Rajeev Ravishankar, a University of Oregon doctoral student and a leader in the Graduate Teaching Fellows Federation, a labor union of graduate employees, told the gathering that it’s vital to have a hospital and emergency room near the university. The university’s 30,000 students and employees “have come to rely on having these services available to us,” he said.
A history of losses
The planned closure is hardly a surprise given the massive operating losses the University District hospital and PeaceHealth as a whole have racked up during the pandemic, as revenues fluctuated and labor costs soared.
PeaceHealth has 10 hospitals in Alaska, Washington and Oregon. Almost all have either lost money or broken even for several years, filings with Washington and Oregon regulators show.
Through four fiscal years in a row, up to June 30 of this year, the system as a whole has reported operating losses totaling $1.2 billion. For the latest fiscal year, the system lost $240 million on operating revenues of $3.3 billion. In the past three years, the system’s pool of cash and investments has shrunk 23%, filings show.

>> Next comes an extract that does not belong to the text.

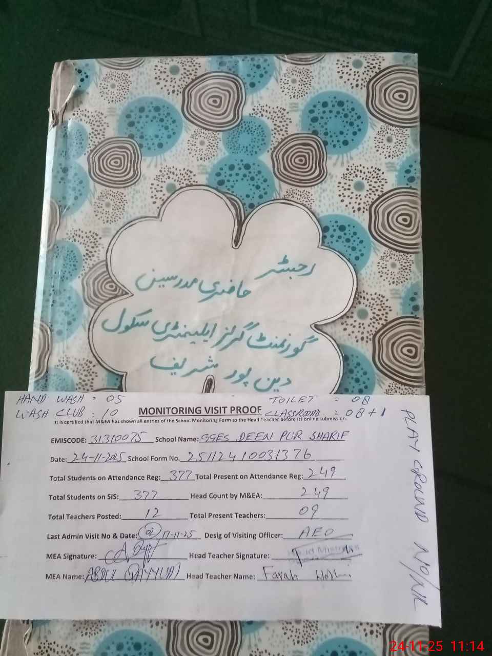 | EMIS Code: 31310075 | Name of School: GGES DIN PUR SHARIF | |||

In the first three months of this year, the latest data available, University District, with a staff of about 500, had operating revenues of $26 million, but expenses of $44 million, making for a loss of $18 million, according to filings with the Oregon Health Authority. In 2022, the hospital had operating revenues of $113 million, but expenses of $179 million, creating an operating loss of $66 million.
Despite its losses, nonprofit PeaceHealth is still wealthy. As of June 30, the system’s net worth — all assets minus all liabilities — stood at $2.2 billion, with assets including cash and investments of $2.1 billion.
Kevyn Paul, a registered nurse at the University District emergency department, said the hospital’s losses in recent years were caused in part by PeaceHealth’s strategy.
“They created this scenario by gradually pulling (away) services” from the University District hospital, she told the rally.
Speakers on Monday faulted what they said was PeaceHealth’s focus on money.
PeaceHealth executives are “cutting their way to profitability,” said Ravishankar.
Vinis said the city may need to explore having another health care system create an emergency department in Eugene if PeaceHealth goes through with its plan to shutter the one at University District.
Anne Tan Piazza, executive director of the Oregon Nurses Association, said PeaceHealth’s closure plan is just the latest move by hospitals in Oregon to reduce services to protect profits.
“Coming out of COVID, Oregonians need more health care, not less,” she said.